Inner_hits, top_hits, span !? on nested field performance


(b789) #1

hi,
i've this query:

{
  "query": {
"bool": {
  "must": [
    {
      "bool": {
        "should": [
          {
            "nested": {
              "path": "nestedfield",
              "query": {
                "bool": {
                  "should": [
                    {
                      "match": {
                        "nestedfield.f1": {
                          "query": "term1 term2 term3",
                          "minimum_should_match": "2"
                        }
                      }
                    },
                    {
                      "function_score": {
                        "query": {
                          "match": {
                            "nestedfield.f1": {
                              "query": "term1 term2 term3",
                              "fuzziness": "auto",
                              "minimum_should_match": "2",
                              "prefix_length": "3"
                            }
                          }
                        },
                        "boost": 1,
                        "score_mode": "first",
                        "boost_mode": "multiply",
                        "functions": [
                          {
                            "weight": 2,
                            "filter": {
                              "span_near": {
                                "clauses": [
                                  {
                                    "span_multi": {
                                      "match": {
                                        "fuzzy": {
                                          "nestedfield.f1": {
                                            "value": "term1",
                                            "fuzziness": "auto"
                                          }
                                        }
                                      }
                                    }
                                  },
                                  {
                                    "span_multi": {
                                      "match": {
                                        "fuzzy": {
                                          "nestedfield.f1": {
                                            "value": "term2",
                                            "fuzziness": "auto"
                                          }
                                        }
                                      }
                                    }
                                  },
                                  {
                                    "span_multi": {
                                      "match": {
                                        "fuzzy": {
                                          "nestedfield.f1": {
                                            "value": "term3",
                                            "fuzziness": "auto"
                                          }
                                        }
                                      }
                                    }
                                  }
                                ],
                                "slop": 2,
                                "in_order": true
                              }
                            }
                          }
                        ]
                      }
                    }
                  ],
                  "minimum_should_match": "1"
                }
              },
              "inner_hits": {
                "name": "nestedfield_hit",
                "size": 1,
                "sort": [
                  {
                    "_score": {
                      "order": "desc"
                    }
                  }
                ]
              }
            }
          }
        ]
      }
    }
  ]
}
  },
  "from": 0,
  "size": 10,
  "aggs": {
"name": {
  "nested": {
    "path": "nestedfield"
  },
  "aggs": {
    "name": {
      "terms": {
        "field": "nestedfield.f2"
      },
      "aggs": {
        "name": {
          "top_hits": {
            "size": 1
          }
        }
      }
    }
  }
}
  }
}

the problem is that the performance aren't good enough.
the thing that i don't understand is why removing one of the following parts improve the performances by ten times.
To obtain this i can remove the inner_hits in the aggregations, the top_hits on the nested query or span queries in the functions scores.

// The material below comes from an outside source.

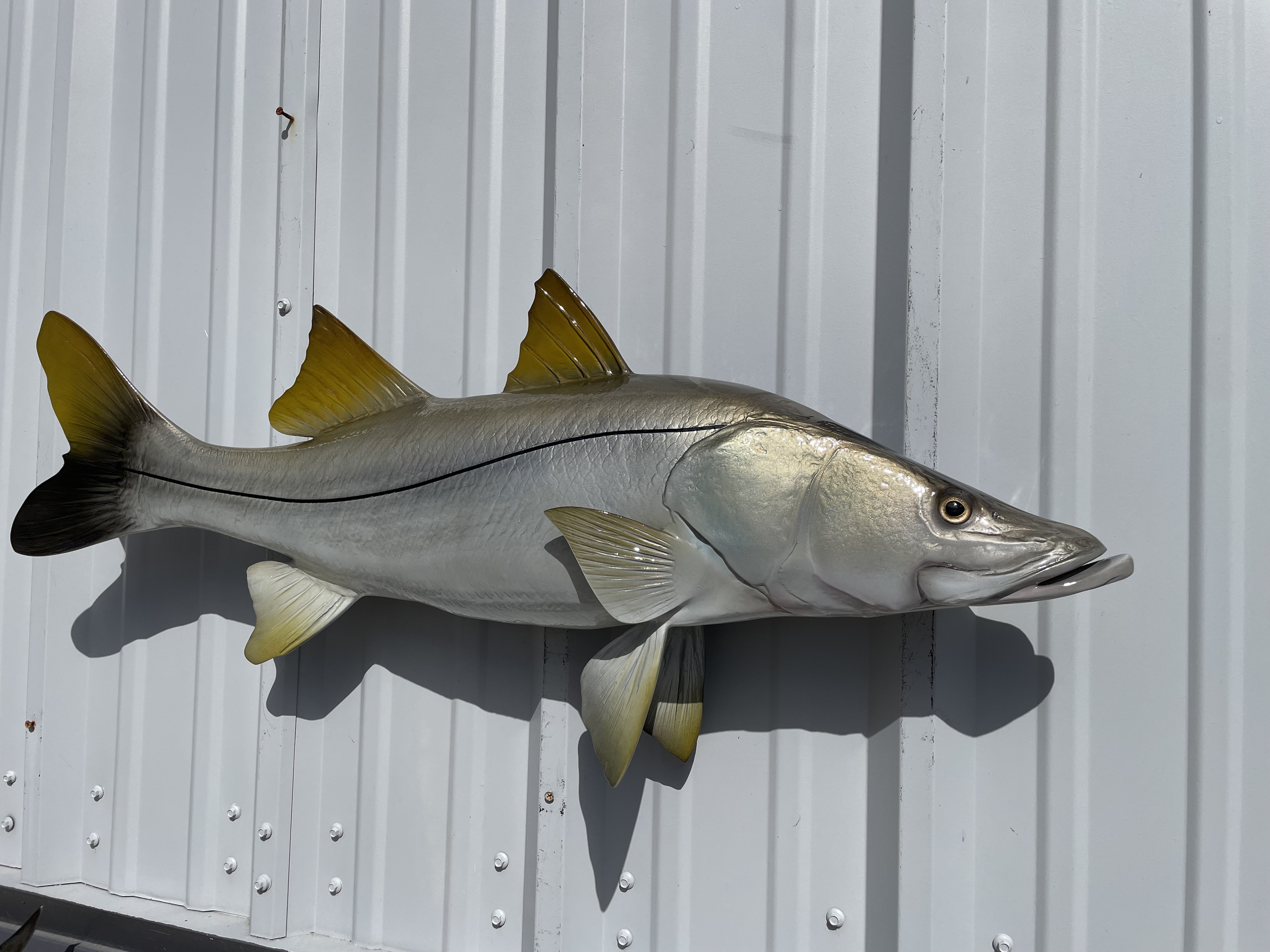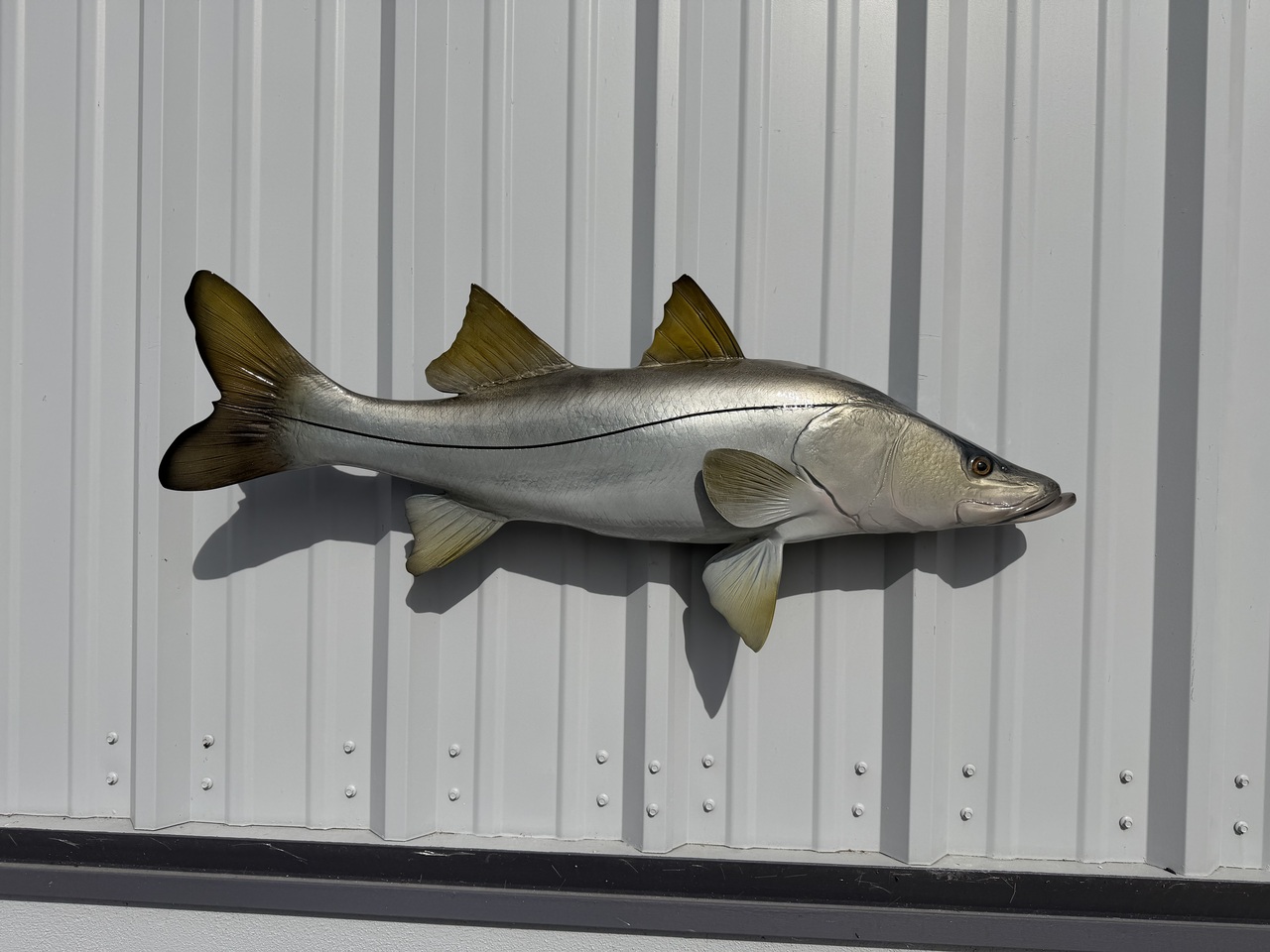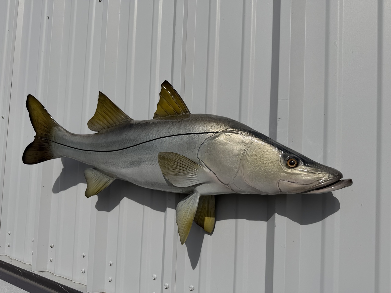 This gorgeous 39" snook full mount is in stock and ready to ship. It is positioned into the traditional form replicating a lazy snook, head into the current and ready to pounce on bait caught in the current. This piece is extremely realistic with the skin texture that was captured during the molding process and an extremely precise and accurate black lateral line. Everything that is viewable when up on all the wall is finished.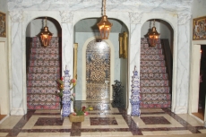 De entreehal met dubbele trap en doorkijk (gietijzeren deur) naar achtertuin. Met echte porseleinen tulpenvazen voor de bogenwand.Uniek Poppenhuis:

I cant see why removing one of this parts lead to a ten time improvement on the performances.
i get that removing a part of the query will reduce the work to do but in this situation is faster to send a second query just for aggregations and i can't understand why.

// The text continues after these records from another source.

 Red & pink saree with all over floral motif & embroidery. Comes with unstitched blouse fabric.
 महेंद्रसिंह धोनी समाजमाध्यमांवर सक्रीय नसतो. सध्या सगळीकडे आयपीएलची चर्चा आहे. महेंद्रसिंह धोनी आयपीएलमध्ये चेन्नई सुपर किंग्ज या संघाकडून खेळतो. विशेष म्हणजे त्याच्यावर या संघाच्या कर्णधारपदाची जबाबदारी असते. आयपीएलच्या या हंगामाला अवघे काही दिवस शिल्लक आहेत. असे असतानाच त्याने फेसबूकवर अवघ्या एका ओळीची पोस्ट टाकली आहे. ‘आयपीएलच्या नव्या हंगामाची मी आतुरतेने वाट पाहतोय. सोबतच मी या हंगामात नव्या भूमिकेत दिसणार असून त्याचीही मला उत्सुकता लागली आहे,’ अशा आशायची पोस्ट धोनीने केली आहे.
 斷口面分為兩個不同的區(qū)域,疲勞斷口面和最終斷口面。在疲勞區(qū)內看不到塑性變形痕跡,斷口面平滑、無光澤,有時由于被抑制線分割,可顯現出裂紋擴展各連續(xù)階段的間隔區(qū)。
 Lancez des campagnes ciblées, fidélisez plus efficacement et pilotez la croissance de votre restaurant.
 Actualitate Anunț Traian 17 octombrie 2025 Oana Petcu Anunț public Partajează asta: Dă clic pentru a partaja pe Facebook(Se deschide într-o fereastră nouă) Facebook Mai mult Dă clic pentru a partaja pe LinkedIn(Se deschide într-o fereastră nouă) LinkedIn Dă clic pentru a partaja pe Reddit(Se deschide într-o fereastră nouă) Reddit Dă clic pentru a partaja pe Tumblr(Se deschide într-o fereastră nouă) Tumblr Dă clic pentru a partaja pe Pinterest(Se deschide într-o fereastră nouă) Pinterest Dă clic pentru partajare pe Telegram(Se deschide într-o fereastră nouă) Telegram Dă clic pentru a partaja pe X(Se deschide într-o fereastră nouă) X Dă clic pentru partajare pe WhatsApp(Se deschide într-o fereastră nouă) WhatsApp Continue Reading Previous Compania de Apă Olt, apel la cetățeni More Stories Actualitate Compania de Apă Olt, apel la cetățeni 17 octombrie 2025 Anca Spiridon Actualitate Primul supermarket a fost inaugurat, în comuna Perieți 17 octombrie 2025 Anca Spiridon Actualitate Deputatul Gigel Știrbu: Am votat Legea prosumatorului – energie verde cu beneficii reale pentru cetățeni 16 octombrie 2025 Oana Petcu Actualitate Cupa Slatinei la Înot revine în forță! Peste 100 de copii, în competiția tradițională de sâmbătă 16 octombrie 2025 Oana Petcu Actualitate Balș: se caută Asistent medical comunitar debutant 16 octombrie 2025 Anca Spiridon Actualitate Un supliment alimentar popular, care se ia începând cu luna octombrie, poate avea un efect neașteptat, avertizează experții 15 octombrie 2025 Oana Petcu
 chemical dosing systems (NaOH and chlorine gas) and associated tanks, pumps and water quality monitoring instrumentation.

I suspect that there some hidden relation between the three parts but i don't know where.
A strange thing that i noticed is that the top hits in the aggregation present a inner_hits field with no real value at the same level of the _source, i don't know if this is expected.

the actual query have other parts but this is enough to demonstrate the problem.

p.s. the functions score with the spans in there just to simulate a match_phrase with fuzzy behavior so if ther's a better way i'm open to suggestions.


(system) #2

This topic was automatically closed 28 days after the last reply. New replies are no longer allowed.